The September ISM index Thursday showed US manufacturing sector activity expanded further, but at a modestly slower rate.
The headline PMI index fell to 55.4 from 56.0 in August, below expectations for a further increase to 56.6.
The new orders index fell to 60.2 from 67.6 in August, while the production reading fell to 61.0 from 63.3, though both continue to indicate solid expansion.
At the same time, inventories continued to contract, and supplier deliveries were still slowing, further positive signs that demand remains strong.
The employment index rose to 49.6 from 46.4 in August, just below the breakeven point. ISM said that the index suggests contraction, comments from respondents suggest that hiring has picked up except where there is a shortage of skilled workers.
The Markit manufacturing index released earlier Thursday was revised down slightly to 53.2 from the 53.5 flash estimate, but remained above the 53.1 reading in August.
Construction spending for August, released at the same time as the ISM report, rose by 1.4%, twice the 0.7% increase expected due to a surge in private residential building. Year-to-date construction spending was 4.2% above the same period a year earlier.
Private residential construction jumped by 3.7%. Calculations using the published data show that private new home construction rose by 4.2%.
Single-family building increased by 5.5%, more than offsetting a 0.1% decrease in multi-family building. Home remodeling was up 3.0%.
Private nonresidential construction spending fell by 0.3% on declines in several key industries, while public construction was up only 0.1%.
Released earlier on Thursday, personal income fell by 2.7% in August due to the expiration of initial jobless claims for many filers, particularly those whose states only provide three months of benefits in addition to the three months provided by the federal government under the CARES Act. Analysts expected a 2.6% decline.
Wages and salaries rose by 1.3%, as expected due to the further surge in payrolls and gains in the average workweek and hourly earnings.
Offsetting that gain, however, was the huge $686.9 billion decline in state unemployment benefits and a $56.9 billion decline in the “other” transfer payments category, which includes the government stimulus.
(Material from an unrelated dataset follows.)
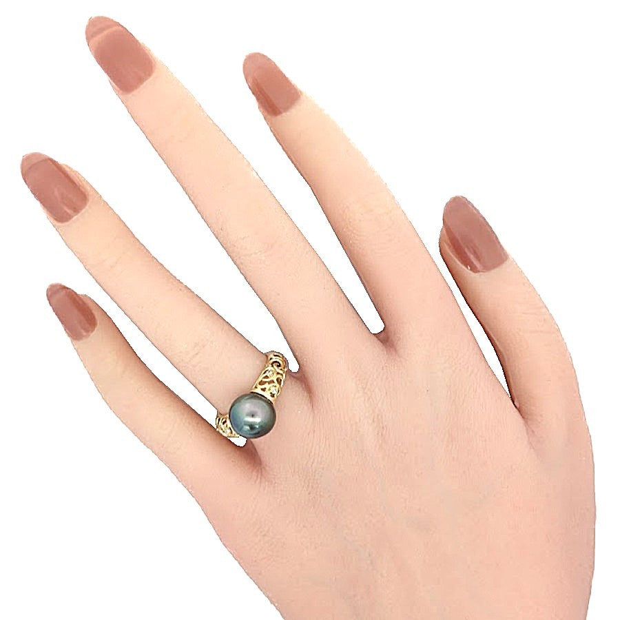 K18素材に、ブラックパール・ダイヤモンドをあしらったリングです。深みのあるブラックパールの艶やかさを引き立てるように、アーム部分はレースのような透かし模様でデザインされ、軽やかで上品な印象を添えています。ブラックパールは「守護」や「深い愛」を象徴するとされ、その奥行きある色彩は角度によってブルーやグリーンの光を帯び、唯一無二の存在感を放ちます。さらに、煌めくダイヤモンドがその神秘性に華やかさを加え、指先に凛とした輝きをもたらします。 |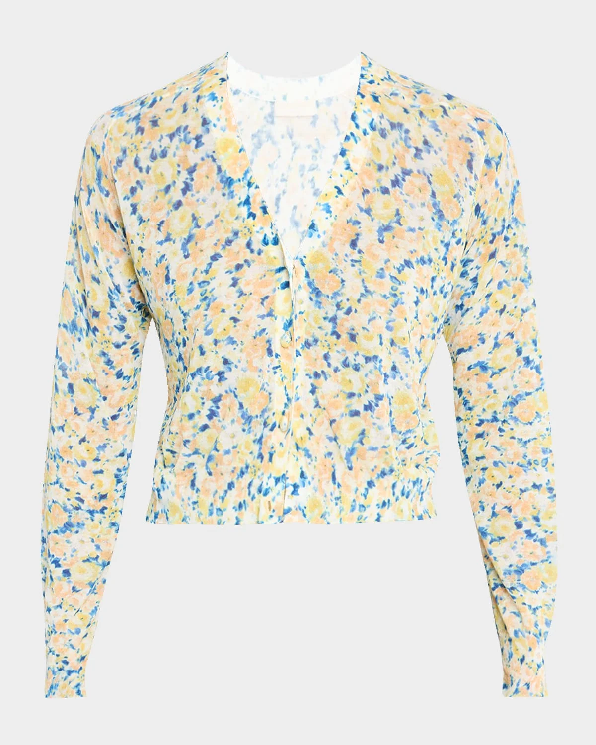 Ulla Johnson "Vivienne" ultra-soft knit cardigan accented with a delicate floral print V neckline Long sleeves Cropped fit Button-front & nbsp; Cotton/nylon/polyamide Dry clean Imported SIZE & FITModel measurements: 5 & apos;10" tallModel is wearing a US size 4/Small

The additional income components moved higher. Proprietors income and rental income continued their trend of increases, while return on assets posted a small increase after six straight declines.
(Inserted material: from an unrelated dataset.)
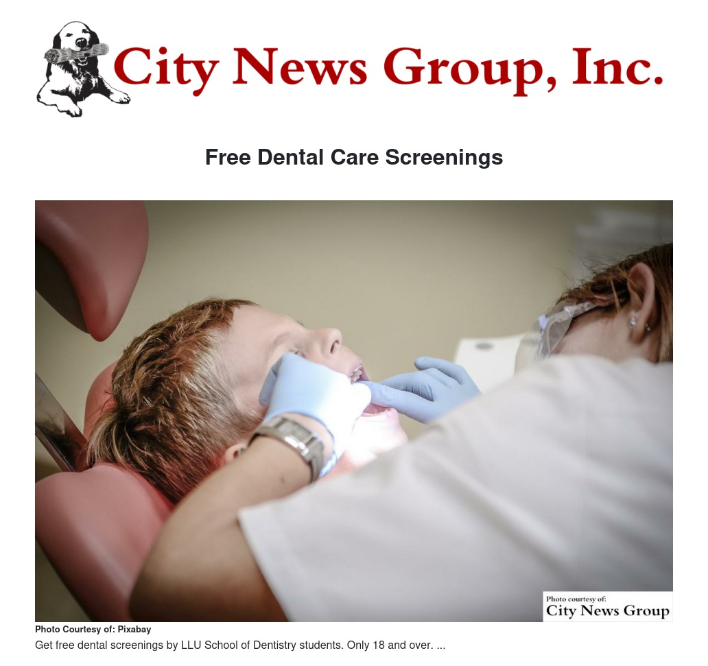 In preparation for their dental licensing exams, graduating dental students from Loma Linda University School of Dentistry will screen for adult patients (18 and over) who need specific dental treatments, including fillings and dental cleanings.

On the spending side, nominal PCE rose by 1.0%, exactly as expected. Goods spending rose by 0.2%, while services spending jumped by 1.4%. While spending increased for the fourth straight month, the rate of increase continues to slow.
After adjustment for a 0.3% increase in the PCE price index, real PCE rose by 0.7% following a 1.1% increase in July. Real PCE was up 37.0% at an annual rate through the first two months of the third quarter from the second quarter average after the 33.2% decline reported for the second quarter in Wednesday’s GDP report.
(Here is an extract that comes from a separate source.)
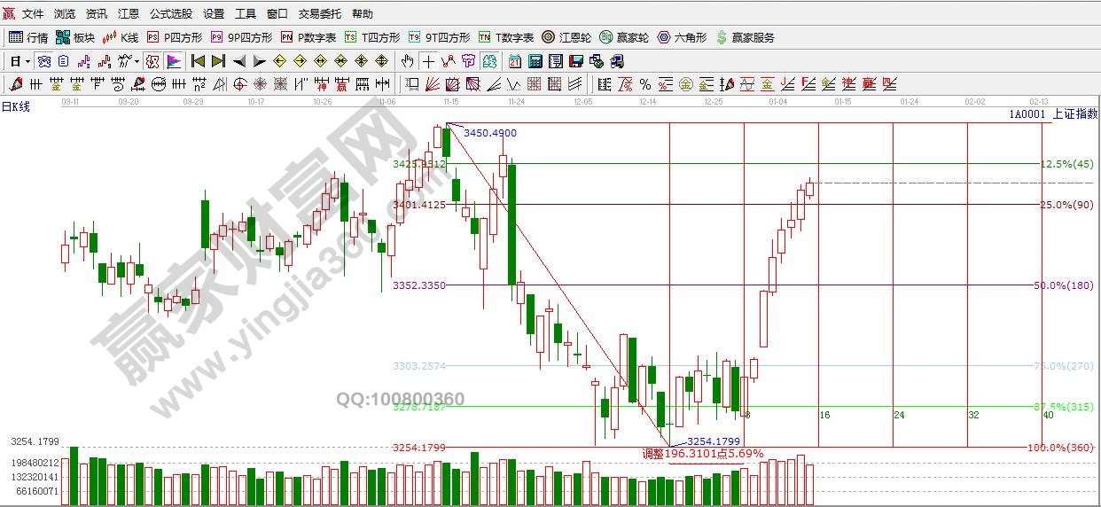 江恩看盤綜述:依據(jù)贏家江恩技術(shù)工具分析得出:周二,滬指在3400點之上整理,繼續(xù)保持強(qiáng)勢勢頭,但量能明顯縮小。在1月10日短線窗口臨近之際,縮量上行下短期將迎來調(diào)整,盤中支撐重點關(guān)注90度3401點。阻力位江恩45度線3425點附近,操作上,建議短線切勿盲目追漲,逢高減持降低倉位為主,個股上繼續(xù)關(guān)注成長性良好的超跌股以及年報預(yù)增的標(biāo)的。

Core PCE prices rose by 0.3% in August after a 0.4% increase in July. The year/year rate ticked up to 1.6% from 1.4% in July. The rate was 1.9% in February before the shutdowns.
Released at the same time as personal income, initial jobless claims fell by 36,000 to 837,000 in the September 26 week, below the 850,000 level expected and the lowest since the start of the COVID-19 shutdowns. The four-week moving average fell by 11,750 to 867,750 in the week, continuing its downward trend.
The Labor Department noted that California is pausing its processing of new initial claims for the next two weeks, which Labor will adjust for by using the most recent week’s actual claims level as a substitute until the real data is received.
Continuing claims fell by 980,000 to 11.767 million in the September 19 week after holding steady in the previous week.